Laura Mennell (/mɛˈnɛl/; born 18 April 1980) is a Canadian actress known for her roles in Thirteen Ghosts, Alphas, Haven, Loudermilk, The Man in the High Castle, Watchmen and Batwoman. In 2011/2012 Mennell co-starred on the sci-fi television series Alphas.
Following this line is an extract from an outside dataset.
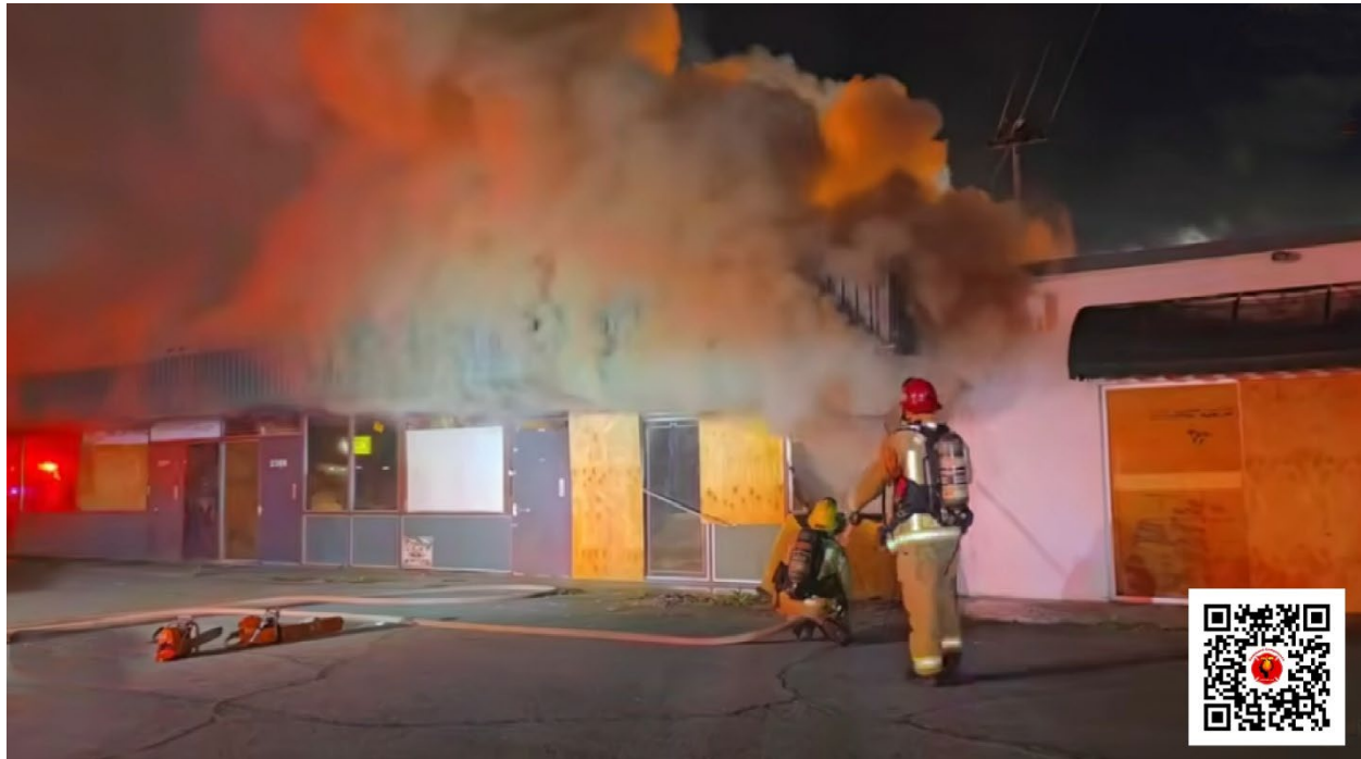
Figure 8. Conditions on Arrival

Note: Adapted from Barraza, B. (2026). Fatal second-alarm commercial structure fire In Central Bakersfield . https://bit.ly/4sGNKVZ .

Laura appeared as Charlotte Cross in the fifth season of the Syfy series Haven, and she starred in the comedy series Loudermilk from 2017 to 2018.

==Early life==
Mennell is of Irish, British, and French ancestry. She says she was a "major theatre geek in high school."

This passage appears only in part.